▸ Exercise details:
Repeat the listing below in full and exactly, but without its pictures.

▸ Data shown:
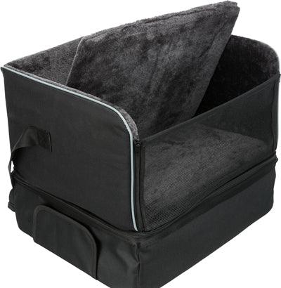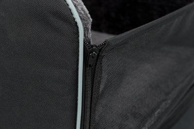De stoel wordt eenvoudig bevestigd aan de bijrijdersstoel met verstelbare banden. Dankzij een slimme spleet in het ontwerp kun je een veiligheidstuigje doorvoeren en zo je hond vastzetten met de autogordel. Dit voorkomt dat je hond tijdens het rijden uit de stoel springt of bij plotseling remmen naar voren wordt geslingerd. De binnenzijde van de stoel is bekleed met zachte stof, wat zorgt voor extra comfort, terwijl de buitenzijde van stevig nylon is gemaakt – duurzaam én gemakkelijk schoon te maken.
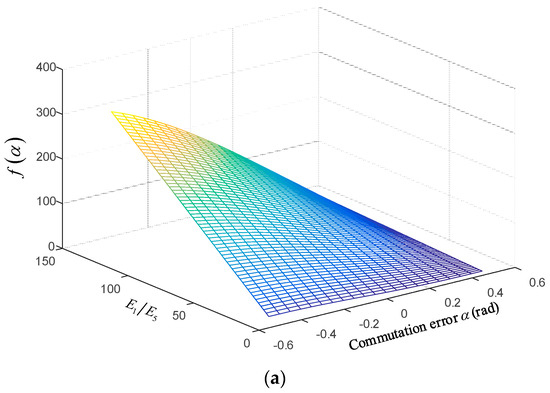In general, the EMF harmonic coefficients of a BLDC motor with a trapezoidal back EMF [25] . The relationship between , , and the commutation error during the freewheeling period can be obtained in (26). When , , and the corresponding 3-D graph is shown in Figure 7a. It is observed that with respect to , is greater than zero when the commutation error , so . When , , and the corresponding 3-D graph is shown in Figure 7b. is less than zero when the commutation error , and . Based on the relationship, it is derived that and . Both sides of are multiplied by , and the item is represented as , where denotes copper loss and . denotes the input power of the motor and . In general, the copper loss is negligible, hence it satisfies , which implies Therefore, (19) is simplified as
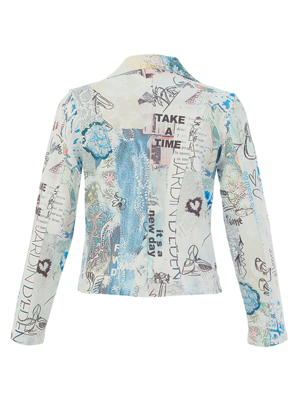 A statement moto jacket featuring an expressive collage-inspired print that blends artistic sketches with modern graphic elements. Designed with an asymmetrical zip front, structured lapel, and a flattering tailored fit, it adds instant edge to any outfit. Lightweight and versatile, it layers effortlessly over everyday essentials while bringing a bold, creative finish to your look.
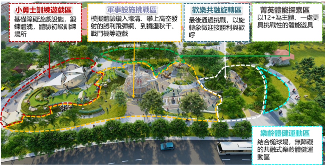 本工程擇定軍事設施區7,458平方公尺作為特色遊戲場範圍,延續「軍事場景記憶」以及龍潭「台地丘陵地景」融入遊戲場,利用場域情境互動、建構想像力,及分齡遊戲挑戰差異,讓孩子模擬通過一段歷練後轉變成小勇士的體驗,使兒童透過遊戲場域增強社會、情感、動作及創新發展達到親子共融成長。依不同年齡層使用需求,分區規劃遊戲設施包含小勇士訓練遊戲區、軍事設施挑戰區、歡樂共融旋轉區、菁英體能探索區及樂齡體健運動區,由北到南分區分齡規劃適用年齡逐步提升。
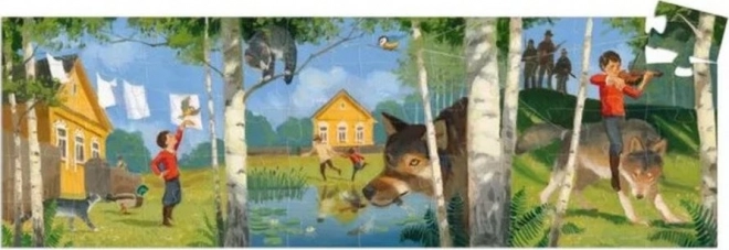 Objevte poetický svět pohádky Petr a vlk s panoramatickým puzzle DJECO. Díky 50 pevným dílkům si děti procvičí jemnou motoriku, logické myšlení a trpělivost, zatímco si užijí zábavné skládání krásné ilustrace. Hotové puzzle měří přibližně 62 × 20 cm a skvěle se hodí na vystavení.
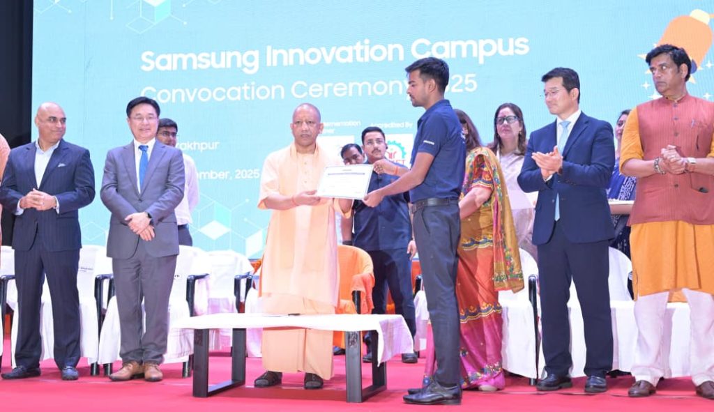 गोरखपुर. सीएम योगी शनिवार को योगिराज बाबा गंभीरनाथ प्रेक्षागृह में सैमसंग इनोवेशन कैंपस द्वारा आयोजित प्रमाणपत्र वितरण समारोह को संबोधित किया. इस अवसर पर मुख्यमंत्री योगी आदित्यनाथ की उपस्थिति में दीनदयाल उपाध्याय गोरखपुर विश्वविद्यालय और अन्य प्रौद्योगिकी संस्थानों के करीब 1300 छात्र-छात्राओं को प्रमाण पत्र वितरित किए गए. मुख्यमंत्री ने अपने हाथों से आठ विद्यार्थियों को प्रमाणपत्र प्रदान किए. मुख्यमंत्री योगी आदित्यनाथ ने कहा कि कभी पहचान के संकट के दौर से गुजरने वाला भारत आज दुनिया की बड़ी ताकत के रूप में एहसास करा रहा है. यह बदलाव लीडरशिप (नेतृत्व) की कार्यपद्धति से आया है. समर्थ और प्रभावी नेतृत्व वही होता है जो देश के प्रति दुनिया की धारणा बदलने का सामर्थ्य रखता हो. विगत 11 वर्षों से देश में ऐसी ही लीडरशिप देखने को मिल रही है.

▸ Written reply:
De stoel wordt eenvoudig bevestigd aan de bijrijdersstoel met verstelbare banden. Dankzij een slimme spleet in het ontwerp kun je een veiligheidstuigje doorvoeren en zo je hond vastzetten met de autogordel. Dit voorkomt dat je hond tijdens het rijden uit de stoel springt of bij plotseling remmen naar voren wordt geslingerd. De binnenzijde van de stoel is bekleed met zachte stof, wat zorgt voor extra comfort, terwijl de buitenzijde van stevig nylon is gemaakt – duurzaam én gemakkelijk schoon te maken.
In general, the EMF harmonic coefficients of a BLDC motor with a trapezoidal back EMF [25] . The relationship between , , and the commutation error during the freewheeling period can be obtained in (26). When , , and the corresponding 3-D graph is shown in Figure 7a. It is observed that with respect to , is greater than zero when the commutation error , so . When , , and the corresponding 3-D graph is shown in Figure 7b. is less than zero when the commutation error , and . Based on the relationship, it is derived that and . Both sides of are multiplied by , and the item is represented as , where denotes copper loss and . denotes the input power of the motor and . In general, the copper loss is negligible, hence it satisfies , which implies Therefore, (19) is simplified as
 A statement moto jacket featuring an expressive collage-inspired print that blends artistic sketches with modern graphic elements. Designed with an asymmetrical zip front, structured lapel, and a flattering tailored fit, it adds instant edge to any outfit. Lightweight and versatile, it layers effortlessly over everyday essentials while bringing a bold, creative finish to your look.
 本工程擇定軍事設施區7,458平方公尺作為特色遊戲場範圍,延續「軍事場景記憶」以及龍潭「台地丘陵地景」融入遊戲場,利用場域情境互動、建構想像力,及分齡遊戲挑戰差異,讓孩子模擬通過一段歷練後轉變成小勇士的體驗,使兒童透過遊戲場域增強社會、情感、動作及創新發展達到親子共融成長。依不同年齡層使用需求,分區規劃遊戲設施包含小勇士訓練遊戲區、軍事設施挑戰區、歡樂共融旋轉區、菁英體能探索區及樂齡體健運動區,由北到南分區分齡規劃適用年齡逐步提升。
 Objevte poetický svět pohádky Petr a vlk s panoramatickým puzzle DJECO. Díky 50 pevným dílkům si děti procvičí jemnou motoriku, logické myšlení a trpělivost, zatímco si užijí zábavné skládání krásné ilustrace. Hotové puzzle měří přibližně 62 × 20 cm a skvěle se hodí na vystavení.
 गोरखपुर. सीएम योगी शनिवार को योगिराज बाबा गंभीरनाथ प्रेक्षागृह में सैमसंग इनोवेशन कैंपस द्वारा आयोजित प्रमाणपत्र वितरण समारोह को संबोधित किया. इस अवसर पर मुख्यमंत्री योगी आदित्यनाथ की उपस्थिति में दीनदयाल उपाध्याय गोरखपुर विश्वविद्यालय और अन्य प्रौद्योगिकी संस्थानों के करीब 1300 छात्र-छात्राओं को प्रमाण पत्र वितरित किए गए. मुख्यमंत्री ने अपने हाथों से आठ विद्यार्थियों को प्रमाणपत्र प्रदान किए. मुख्यमंत्री योगी आदित्यनाथ ने कहा कि कभी पहचान के संकट के दौर से गुजरने वाला भारत आज दुनिया की बड़ी ताकत के रूप में एहसास करा रहा है. यह बदलाव लीडरशिप (नेतृत्व) की कार्यपद्धति से आया है. समर्थ और प्रभावी नेतृत्व वही होता है जो देश के प्रति दुनिया की धारणा बदलने का सामर्थ्य रखता हो. विगत 11 वर्षों से देश में ऐसी ही लीडरशिप देखने को मिल रही है.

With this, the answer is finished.